» GIVEN RECORDS:
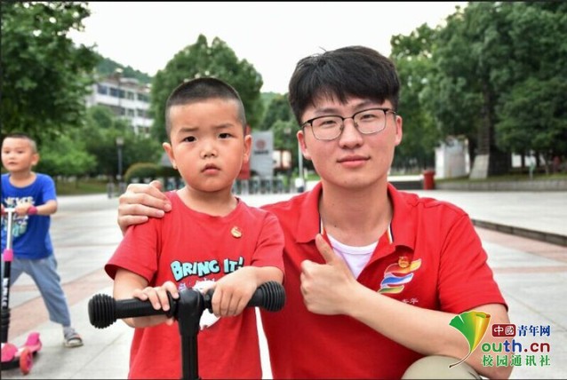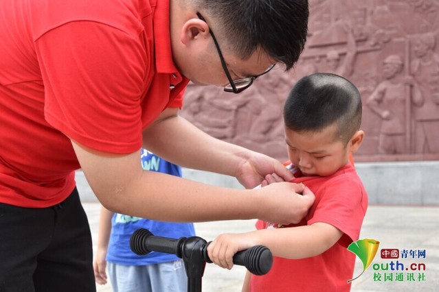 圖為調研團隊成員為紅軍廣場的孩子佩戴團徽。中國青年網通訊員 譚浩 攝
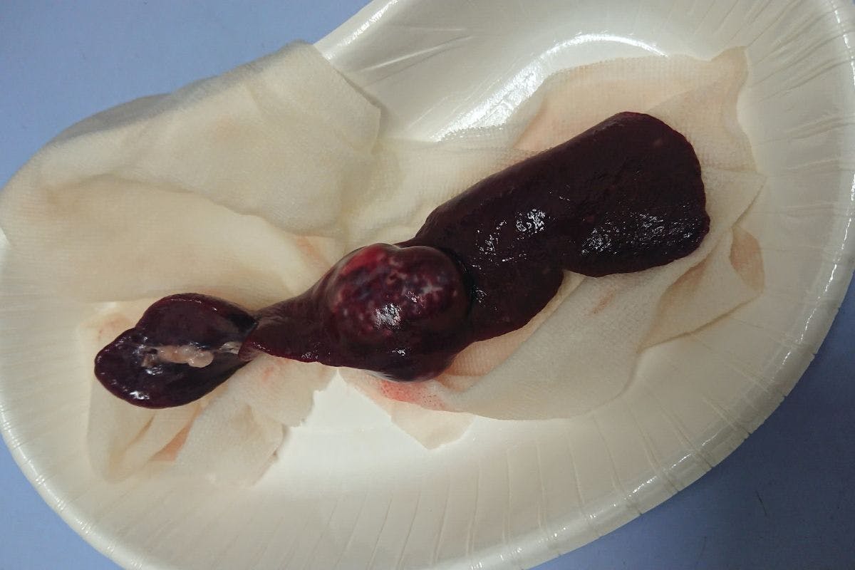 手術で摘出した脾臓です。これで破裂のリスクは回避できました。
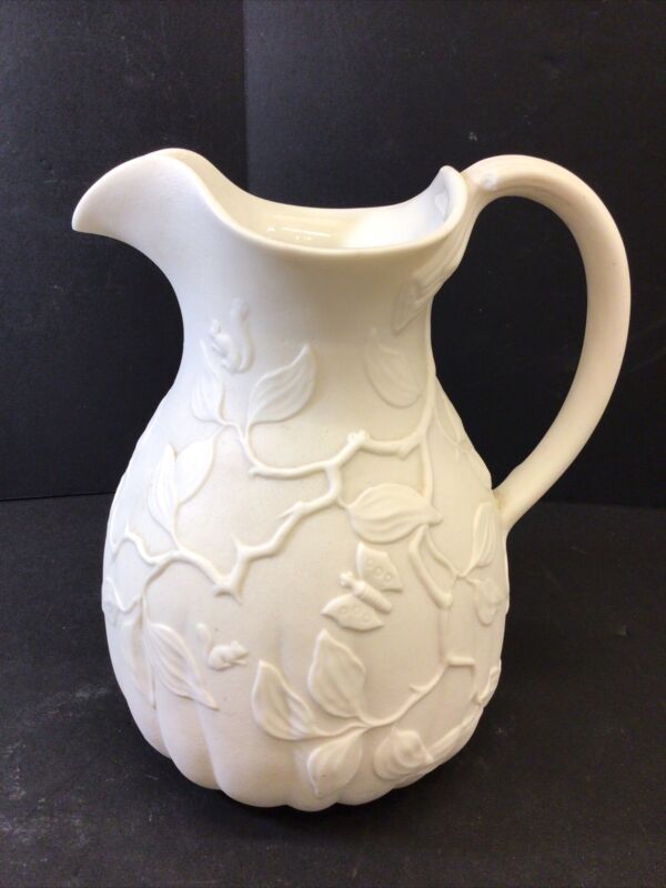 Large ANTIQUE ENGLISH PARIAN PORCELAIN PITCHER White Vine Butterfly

--

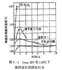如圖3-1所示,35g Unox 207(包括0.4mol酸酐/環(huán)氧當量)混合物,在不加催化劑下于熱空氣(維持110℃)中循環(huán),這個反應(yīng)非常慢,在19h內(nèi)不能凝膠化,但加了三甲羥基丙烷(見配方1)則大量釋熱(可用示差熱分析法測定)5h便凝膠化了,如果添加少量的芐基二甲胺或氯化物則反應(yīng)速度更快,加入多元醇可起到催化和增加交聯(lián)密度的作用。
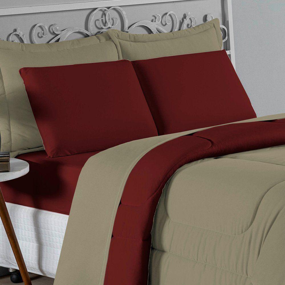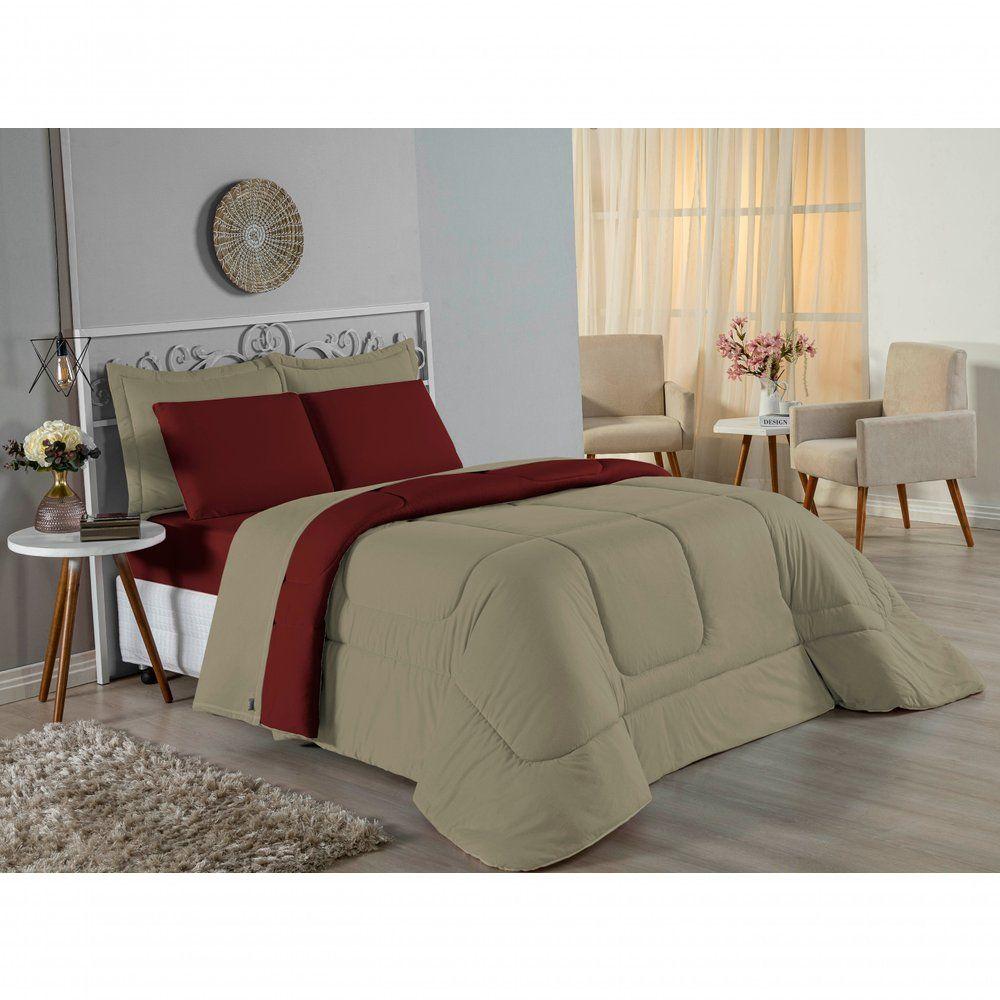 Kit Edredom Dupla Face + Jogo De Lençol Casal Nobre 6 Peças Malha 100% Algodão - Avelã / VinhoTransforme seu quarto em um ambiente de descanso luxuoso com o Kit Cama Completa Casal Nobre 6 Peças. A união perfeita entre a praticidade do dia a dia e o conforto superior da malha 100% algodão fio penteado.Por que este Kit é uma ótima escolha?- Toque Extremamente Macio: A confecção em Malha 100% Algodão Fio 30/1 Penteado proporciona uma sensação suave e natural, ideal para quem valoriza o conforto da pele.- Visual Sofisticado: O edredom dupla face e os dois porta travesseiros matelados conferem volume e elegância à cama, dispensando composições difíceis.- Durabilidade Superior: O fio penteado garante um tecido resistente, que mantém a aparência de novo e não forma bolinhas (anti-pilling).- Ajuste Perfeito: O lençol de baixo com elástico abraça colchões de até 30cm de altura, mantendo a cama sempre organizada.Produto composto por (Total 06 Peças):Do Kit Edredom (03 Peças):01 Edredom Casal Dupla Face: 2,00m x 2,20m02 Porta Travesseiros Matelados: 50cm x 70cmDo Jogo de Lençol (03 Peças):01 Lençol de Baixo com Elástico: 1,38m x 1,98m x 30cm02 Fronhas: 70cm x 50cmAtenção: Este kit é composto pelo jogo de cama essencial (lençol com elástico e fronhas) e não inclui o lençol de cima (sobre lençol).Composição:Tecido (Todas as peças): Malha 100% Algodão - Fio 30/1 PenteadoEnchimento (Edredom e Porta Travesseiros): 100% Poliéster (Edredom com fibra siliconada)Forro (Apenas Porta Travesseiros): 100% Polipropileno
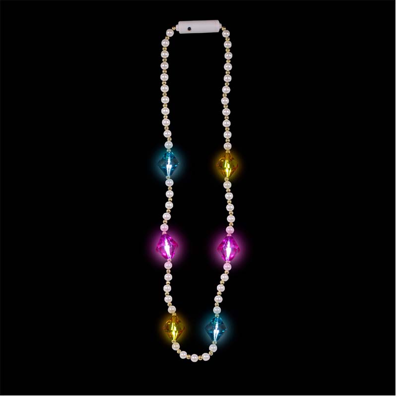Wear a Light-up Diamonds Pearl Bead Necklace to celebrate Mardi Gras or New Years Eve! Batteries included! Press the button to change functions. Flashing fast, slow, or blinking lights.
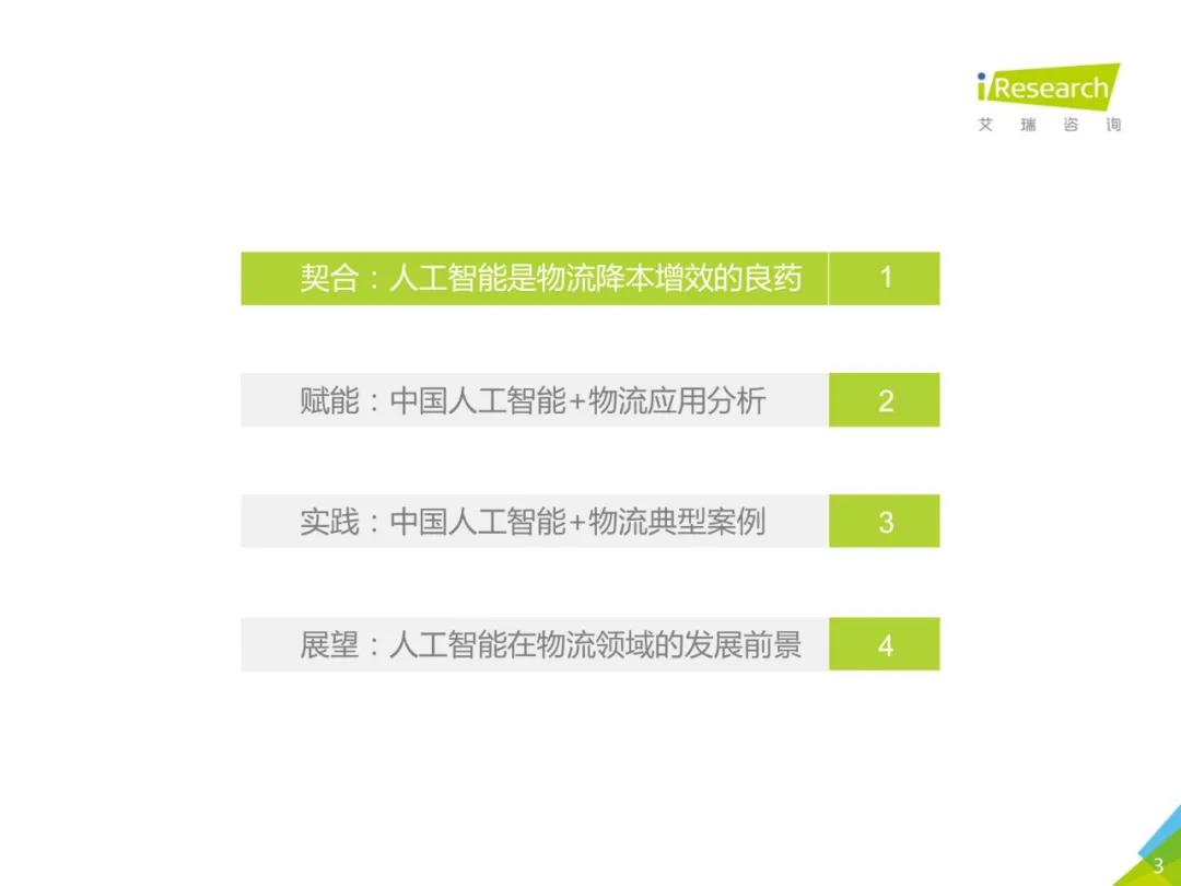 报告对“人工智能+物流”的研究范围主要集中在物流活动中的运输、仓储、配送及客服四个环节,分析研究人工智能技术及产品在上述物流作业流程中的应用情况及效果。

» PROBLEM DETAILS:
In the listing above, find the line holding "圖為調研團隊成員為紅軍廣場的孩子佩戴團徽。中國青年網通訊員 譚浩 攝" and the line holding "Large ANTIQUE ENGLISH". Reproduce those two lines and all between them exactly, leaving out pictures.

» RESULT:
 圖為調研團隊成員為紅軍廣場的孩子佩戴團徽。中國青年網通訊員 譚浩 攝
 手術で摘出した脾臓です。これで破裂のリスクは回避できました。
 Large ANTIQUE ENGLISH PARIAN PORCELAIN PITCHER White Vine Butterfly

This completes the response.